Because you need privilege escalation to be able to use 'new' capabilities, an effectively allowPrivilegeEscalation: false is disabling setuid in the execve system call that prevents the use of any new capabilities.
Also as shown in the docs: "Once the bit is set, it is inherited across fork, clone, and execve and cannot be unset". More info here.

This in combination with privileged: false renders requiredDropCapabilities: [ALL] redundant.

The equivalent Docker options here are:

  • --user=whatever => privileged: false
  • --security-opt=no-new-privileges => allowPrivilegeEscalation: false
  • --cap-drop=all => requiredDropCapabilities: [ALL]

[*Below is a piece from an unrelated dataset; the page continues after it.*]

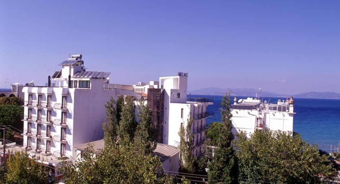 Сразу признаюсь,что ехал в Кушадасы исключительно из-за близости оных к древнему городу Эфесу.По-этому для недели отдыха и путешествий был выбран непритязательный и соответственно недорогой отель.Мой выбор пал на Melike,тем паче,что на других туристических интернет ресурсах этот отель усиленно хвалили.Из аэропорта Измира нас 5 человек привезли в отель одними из первых ранним утром.Оставил сумку на recepcion и пошёл позавтракать,заодно взял фотокамеру.Рядом нашёл ресторанчик где "английский завтрак" был представлен за 12 турецких лир: а это огромный омлет,тосты,ветчина,красные бобы,помидоры,огурцы как гарнир и огромная кружка капучино.Где то на круг 6 долларов.По меркам того времени (сентябрь 2014) не дороже 180 рублей-обжираловка однозначно.Вернулся в отель около 10 утра-номер уже был готов.Номер дали на 3-ем этаже в полу-видом на море (есть на фото).Чистенько.Но нет холодильника.Попросил.Принесли дня через два-не работал.Я скандалить не стал и пиво приходилось выпивать в номере пока не остыло (ха-ха).Поездку в Эфес купил у местных операторов,получилась в разы дешевле.Попутно и как бонус возили в разные места,мечети,фабрики керамики с процессом показа превращения глины в готовый продукт,кормили "на убой".Можно конечно поехать в Эфес и своим ходом,на местной маршрутке-долмуше,но я выяснил,что организованно за 40$ на целый день(!) гораздо удобнее.Тебя везде возят,показывают и...напрягаться лишний раз не нужно.Есть ещё разные поездки по историческим местам.Есть Помуккале и прочие достопримечательности.Можно так же отправиться на морскую прогулку с купанием и обедом на борту.Выбор достаточно большой.Можно поехать в Измир,большой близлежащий город.Но это отдельная тема-тема экскурсий.Ещё по отелю.Сам отель Melike состоит из двух 5-ти этажных корпусов,соединенных между собой (внимание!) на уровне крыши специальными пешеходными мостками.Признаться я такого раньше нигде не видел.Там же на крыше одного их корпусов находится столовая-ресторан.У меня были одни завтраки.И я вам признаюсь честно,кушать с утра под пение птиц и великолепным видом на море и окрестности с высоты-одно удовольствие.Правда,как потом я выяснил,многие отели в Кушадасах именно на крышах располагают свои места по приёму пищи.Очень экзотично и крайне привлекательно-рекомендую.Сами завтраки довольно банальны.Но всегда были фрукты (был сентябрь-месяц) Арбуз или дыня.Сам отель расположен рядом остановкой общественного транспорта-долмуш,как наша маршрутка (как собственно везде в Турции) стоимость проезда до центра города 2,5 турецких лиры.Ехать по холмам и склонам (а Кушадасы стоит на горной гряде у моря) минут 10-12 по красивой дороге.Выходить рекомендую у местного Караван-сарая.Здесь начинается пешеходная зона,где сосредоточены магазины,кафе,рестораны,рынок и все прелести туристического рая.Но нужно помнить,что в Кушадасы большой порт,куда приходят ежедневно большие круизные лайнеры,из которых высыпают на пирс огромные толпы туристов,путешествующих по странам Средиземного моря и даже заходят корабли из Атлантики.Вот под них и "заточены" большинство цен в местных торговых точках.Рядом с отелем (нужно пройти зигзагом метров 250) находится известный в городе общественный пляж-Дамский.Или как его здесь называют Ladies Beach.Скажу сразу пляж не очень протяженный,метров 500 не более.Лежаки и зон

It seems like this is not possible with Docker

That's what looks like Docker is doing, the moment you specify a non-privileged user all of the effective capabilities are dropped (CapEff: 0000000000000000), even if you specify --cap-add SYS_ADMIN

This combined with the --security-opt=no-new-privileges as an option renders --cap-drop=all redundant.

Note that it seems like the default capability mask for docker includes SYS_ADMIN

$ docker run --rm ubuntu grep Cap /proc/self/status
CapInh: 00000000a80425fb
CapPrm: 00000000a80425fb
CapEff: 00000000a80425fb
CapBnd: 00000000a80425fb
CapAmb: 0000000000000000
$ capsh --decode=00000000a82425fb
0x00000000a82425fb=cap_chown,cap_dac_override,cap_fowner,cap_fsetid,cap_kill,cap_setgid,cap_setuid,cap_setpcap,cap_net_bind_service,cap_net_raw,cap_sys_chroot,cap_sys_admin,cap_mknod,cap_audit_write,cap_setfcap

Which would make sense why the 00000000a82425fb is the same without specifying any --cap-add option.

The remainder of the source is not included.